DATA EXCERPTS —
((

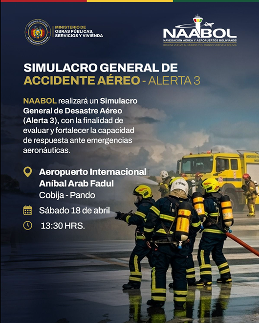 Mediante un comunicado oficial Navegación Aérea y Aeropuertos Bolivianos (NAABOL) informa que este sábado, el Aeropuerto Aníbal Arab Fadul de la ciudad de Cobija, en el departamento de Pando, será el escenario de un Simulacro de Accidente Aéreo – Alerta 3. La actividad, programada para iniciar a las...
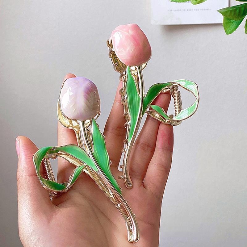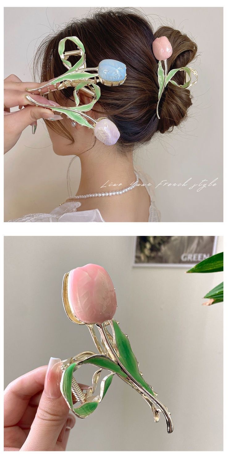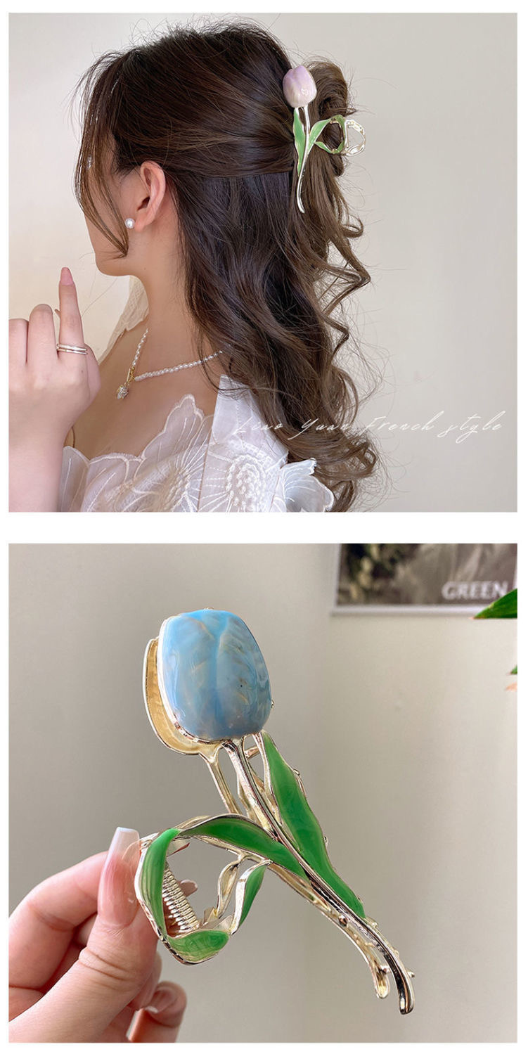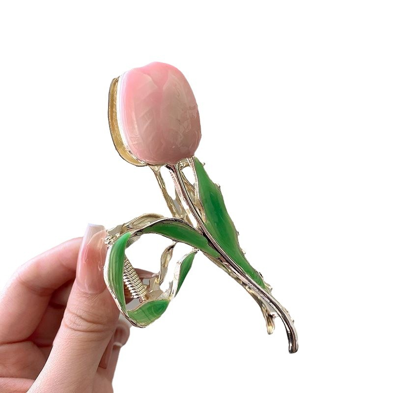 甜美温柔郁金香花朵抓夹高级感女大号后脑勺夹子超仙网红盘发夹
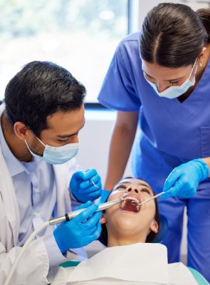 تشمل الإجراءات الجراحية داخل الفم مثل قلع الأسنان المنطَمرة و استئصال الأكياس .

))
((

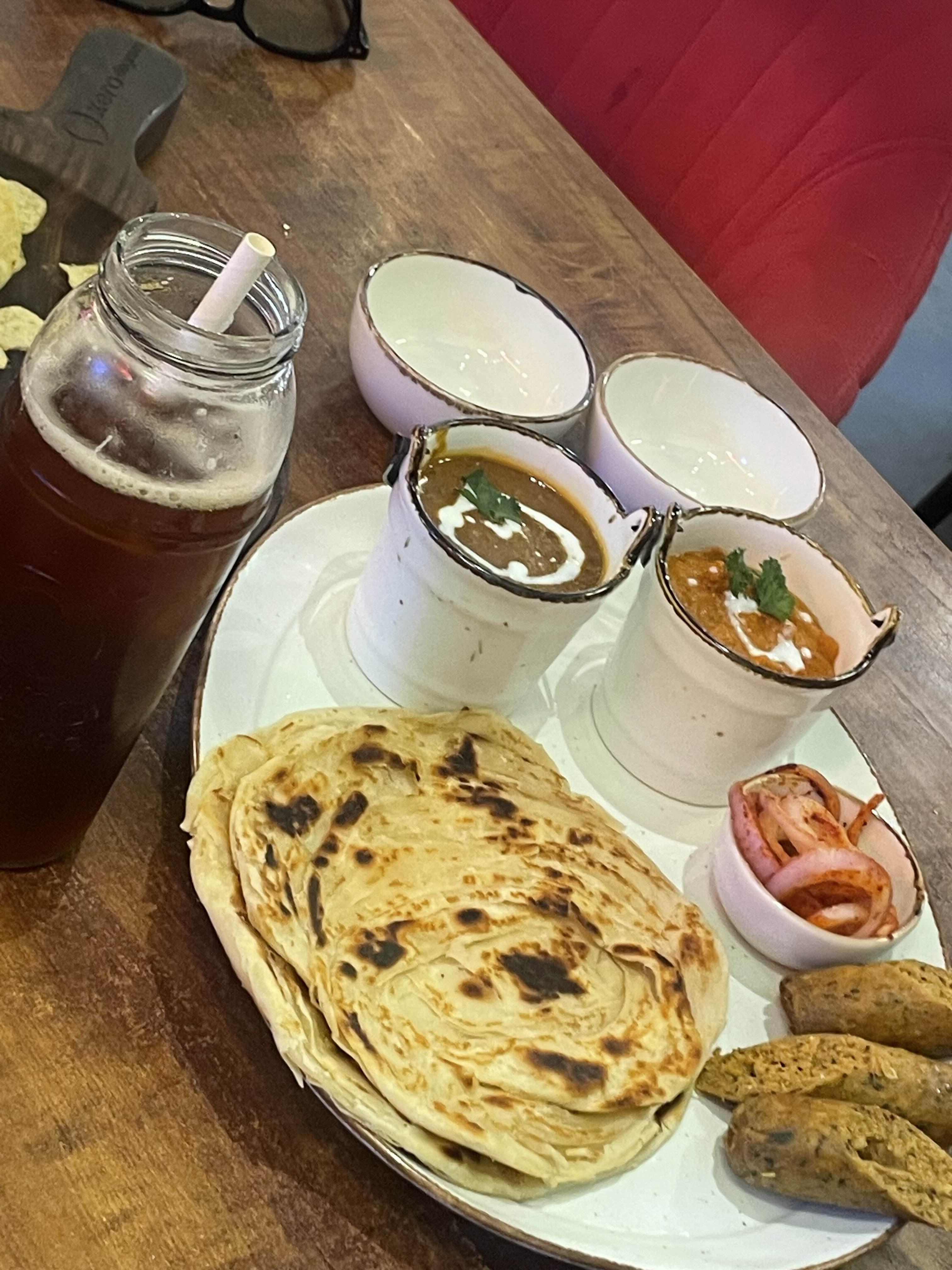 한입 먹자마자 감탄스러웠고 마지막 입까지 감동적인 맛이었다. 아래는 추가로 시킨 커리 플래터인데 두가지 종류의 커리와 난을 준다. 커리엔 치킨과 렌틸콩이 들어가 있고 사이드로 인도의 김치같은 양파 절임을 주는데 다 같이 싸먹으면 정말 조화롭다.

))
((

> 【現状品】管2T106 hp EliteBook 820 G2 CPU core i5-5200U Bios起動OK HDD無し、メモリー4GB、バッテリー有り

))

Give back exactly the lines of the listing above from the one that contains "Mediante un comunicado" up to and including the one that contains "تشمل الإجراءات الجراحية", but not the pictures, and no other lines.

RESPONSE TO THE EXERCISE —
 Mediante un comunicado oficial Navegación Aérea y Aeropuertos Bolivianos (NAABOL) informa que este sábado, el Aeropuerto Aníbal Arab Fadul de la ciudad de Cobija, en el departamento de Pando, será el escenario de un Simulacro de Accidente Aéreo – Alerta 3. La actividad, programada para iniciar a las...
 甜美温柔郁金香花朵抓夹高级感女大号后脑勺夹子超仙网红盘发夹
 تشمل الإجراءات الجراحية داخل الفم مثل قلع الأسنان المنطَمرة و استئصال الأكياس .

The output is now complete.